Nope but Rumble is a great alternative if you don't want to support YouTube or want supplemental promotion. Rumble is not as big but it is the biggest YouTube competitor and while a lot of the audience crosses over, Rumble has a lot of people who don't go to YouTube too.

Another good one is Odysee.
 
Does rumble require a subscription for the removal of pesky advertisements? Or is it not as bad a YT?
 
What is Rumble? :ROFLMAO:
A video streaming platform that is anti-censorship. They won't demonetize you for saying something that goes against the latest propaganda. No shadow banning.

That's its main niche. As already stated, another good one that is also pretty big is Odysee. That one is based on blockchain.
 
A video streaming platform that is anti-censorship. They won't demonetize you for saying something that goes against the latest propaganda. No shadow banning.
Yep, knew what it was... was being sarcastic and replying how a segment of the world that doesn't worry about that kind of stuff would. ;)
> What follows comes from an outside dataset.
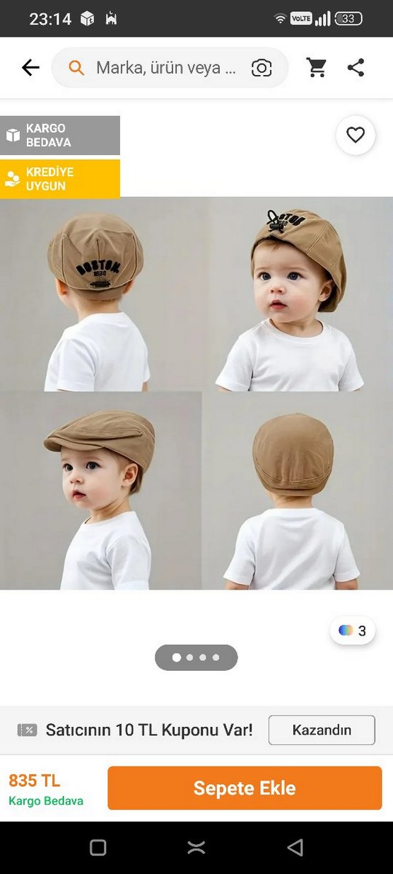 Hafif bej renkli, pamuklu erkek çocuk şapkası. Yumuşak kumaşı rahatlık sağlar ve baskılı detaylar şıklık katar. Üzerinde 'UYGUN KREDIYE' yazısı bulunur.

Rumble has around 3-5% of YT's base of active users.
 
Yep, knew what it was... was being sarcastic and replying how a segment of the world that doesn't worry about that kind of stuff would. ;)

Rumble has around 3-5% of YT's base of active users.
I see. Went over my head, I guess.

As far as YT is concerned, it is by far the biggest but I feel a large chunk of their userbase are bots. How is it possible that people can have 10 million subscribers but barely get any engagement?
 
How is it possible that people can have 10 million subscribers but barely get any engagement?
I'm a user of YouTube... and I rarely engage in any commentary on the videos or like/dislike them, nor do I "click on the bell".
And I'm pretty sure I'm not an atypical user of that service. Most go there to simply watch videos.
 
Is rumble popular enough to be worth promoting a site through it? Frankly it seems to be more in need of the support.
 
I'm a user of YouTube... and I rarely engage in any commentary on the videos or like/dislike them, nor do I "click on the bell".
And I'm pretty sure I'm not an atypical user of that service. Most go there to simply watch videos.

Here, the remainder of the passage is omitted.